3

This is a very simple example

$Test = @('ae','æ')
$Test | Select-Object -Unique

The output

ae

What is going on here and how can I avoid it. Obviously I do not want "ae" to be equal to "æ"

Anders
  • 567
  • 1
  • 7
  • 23
  • 2
    Which culture / locale are you using? – vonPryz Jun 15 '22 at 05:55
  • 1
    I assume this concerns *Windows* PowerShell (you might explicitly **tag** this). This is indeed related to the (default) culture: `'ae' -eq 'æ'` --> `True`. See: [PowerShell: How to set culture?](https://stackoverflow.com/questions/60266401/powershell-how-to-set-culture) – iRon Jun 15 '22 at 08:14
  • It make sense with the Culture - thanks for your input – Anders Jun 15 '22 at 16:17

2 Answers2

3

As mentioned in the comments, your current culture settings identify ae and æ as equal, so it's only returning the first one in the input array.

If you reverse the order you'll get æ instead:

$Test = @('æ','ae')
$Test | Select-Object -Unique
# æ

You can check which culture PowerShell is using with this:

PS> Get-Culture

LCID             Name             DisplayName
----             ----             -----------
2057             en-GB            English (United Kingdom)

Although note that per @mklement0's comment, PowerShell doesn't use this culture consistently for everything...

Turns out that the current culture indeed applies to Select-Object -Unique (which is currently unexpectedly also (invariably) case-sensitive).

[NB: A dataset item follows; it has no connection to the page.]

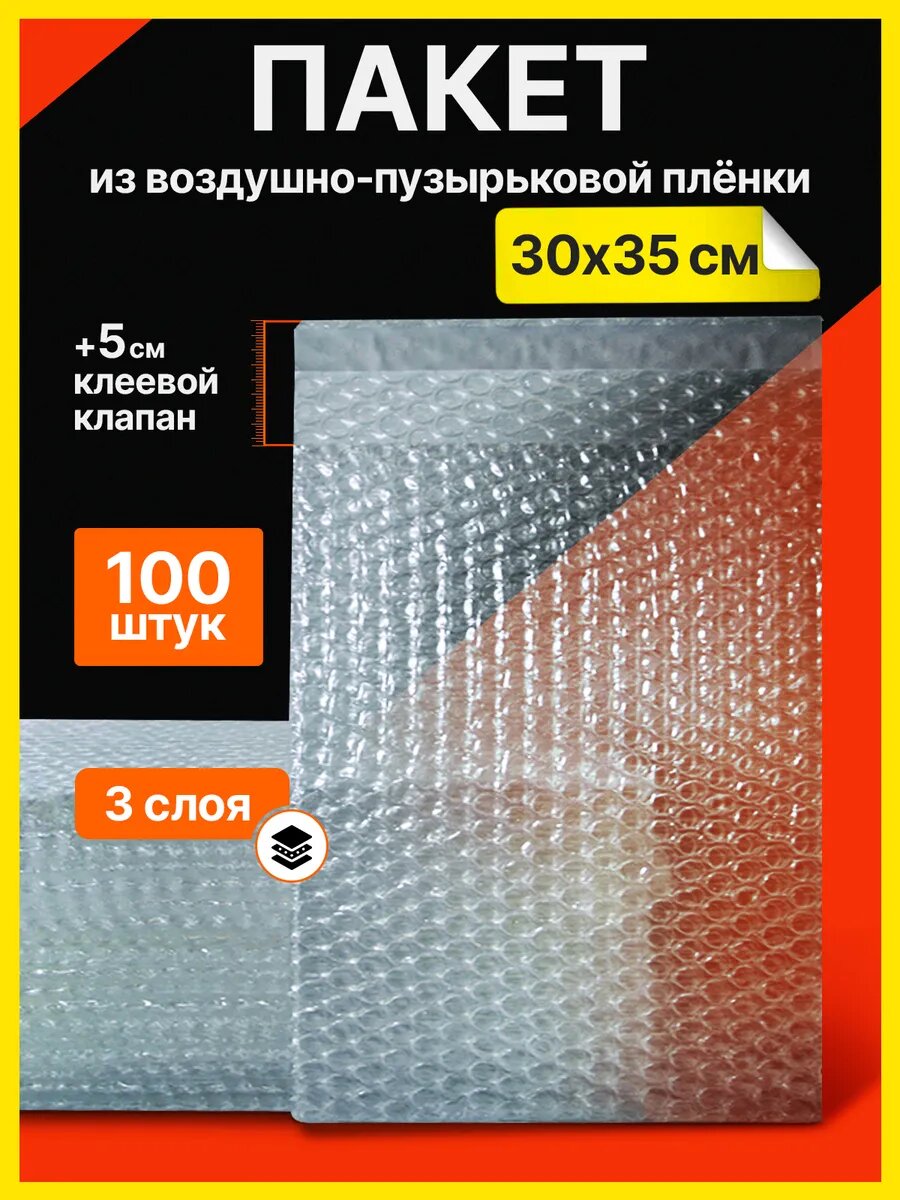 Пакет воздушно-пузырчатый, ВПП с клеевым клапаном, трехслойный 30х35см 100шт: сравнение цен, характеристики, фото, актуальное наличие и цены.

It seems that PowerShell has a split personality with respect to culture invariance: [string] casts, string interpolation and string-relevant operators (except >) use the invariant culture, whereas cmdlets use the current one.

In any case, rather than a culture-aware comparison, it sounds like what you're after is an "ordinal" comparison - for more details see Ordinal String Operations:

Ordinal comparisons are string comparisons in which each byte of each string is compared without linguistic interpretation; for example, "windows" does not match "Windows".

(And by extension, ae, does not equal æ)

I can't find an idiomatic way to do that in PowerShell (you can change culture with Set-Culture, but all the ones I tried still treat ae equal to æ), but if you want more control over how values are compared, you could drop down into Linq like this:

PS> $data = @( "ae", "æ" )
PS> [System.Linq.Enumerable]::Distinct([string[]]$data, [System.StringComparer]::Ordinal )
ae
æ

You've then got a whole bunch of different way to compare strings:

https://learn.microsoft.com/en-us/dotnet/api/system.stringcomparer?view=net-6.0#properties

  • CurrentCulture - Gets a StringComparer object that performs a case-sensitive string comparison using the word comparison rules of the current culture.

  • CurrentCultureIgnoreCase - Gets a StringComparer object that performs case-insensitive string comparisons using the word comparison rules of the current culture.

  • InvariantCulture - Gets a StringComparer object that performs a case-sensitive string comparison using the word comparison rules of the invariant culture.

  • InvariantCultureIgnoreCase - Gets a StringComparer object that performs a case-insensitive string comparison using the word comparison rules of the invariant culture.

  • Ordinal - Gets a StringComparer object that performs a case-sensitive ordinal string comparison.

  • OrdinalIgnoreCase - Gets a StringComparer object that performs a case-insensitive ordinal string comparison.

and you can even implement your own:

class FirstLetterComparer : System.Collections.Generic.IEqualityComparer[string] {
  [bool]Equals([string]$x, [string]$y) { return $x[0] -eq $y[0]; }
  [int]GetHashCode([string] $x) { return $x[0].GetHashCode(); }
}

# returns the first item in the list that starts with each distinct character.
# note that "abb" is omitted because it starts with the same first letter as "aaa"
# so it's not "first letter distinct".
$data = @( "aaa", "abb", "bbb" )
[System.Linq.Enumerable]::Distinct([string[]]$data, [FirstLetterComparer]::new() )
# aaa
# bbb
mclayton
  • 8,025
  • 2
  • 21
  • 26
2

To add to mclayton's excellent answer, with background information:

  • While with cmdlets such as Select-Object PowerShell does indeed use the current culture, there are contexts in which it uses the invariant culture, notably the -eq / -ne operators - see this answer.

  • PowerShell has two distinct editions, and they differ with respect to the behavior at hand, due to what edition of .NET they're built on:

Read on for details.


æ is a ligature that is formed from the letters a and e.

  • Windows PowerShell / NLS:

    • The ligature æ is considered equivalent to the sequence of its constituent letters in most cultures, except in those:

      • where æ is in use as a character in its own right ...
      • and is not considered equivalent to the sequence of its constituent letters.
    • These exceptions are (only the so-called neutral (non-nation-specific) cultures are listed, not also their national varieties):

      • da (Danish)
      • is (Icelandic)
      • kl (Kalaallisut)
      • nb (Norwegian Bokmål)
      • nn (Norwegian Nynorsk)
      • no (Norwegian)
      • se (Northern Sami)
      • sma (Sami (Southern))
      • smj (Sami (Lule))
      • smn (Sami (Inari))
      • sms (Sami (Skolt))
    • Other ligatures have multi-letter equivalents in all cultures, such as œ vs. oe; there are also ligatures whose multi-letter equivalent is not the sequence of its constituent letters, but a modern equivalent, e.g., German ß (which originated from sz) is considered equivalent to ss.

  • PowerShell (Core) 7+ / ICU:

    • At least as of the ICU version that underlies PowerShell 7.2.4, ligatures in general are seemingly never considered equivalent to their constituent letters in string comparisons.
mklement0
  • 382,024
  • 64
  • 607
  • 775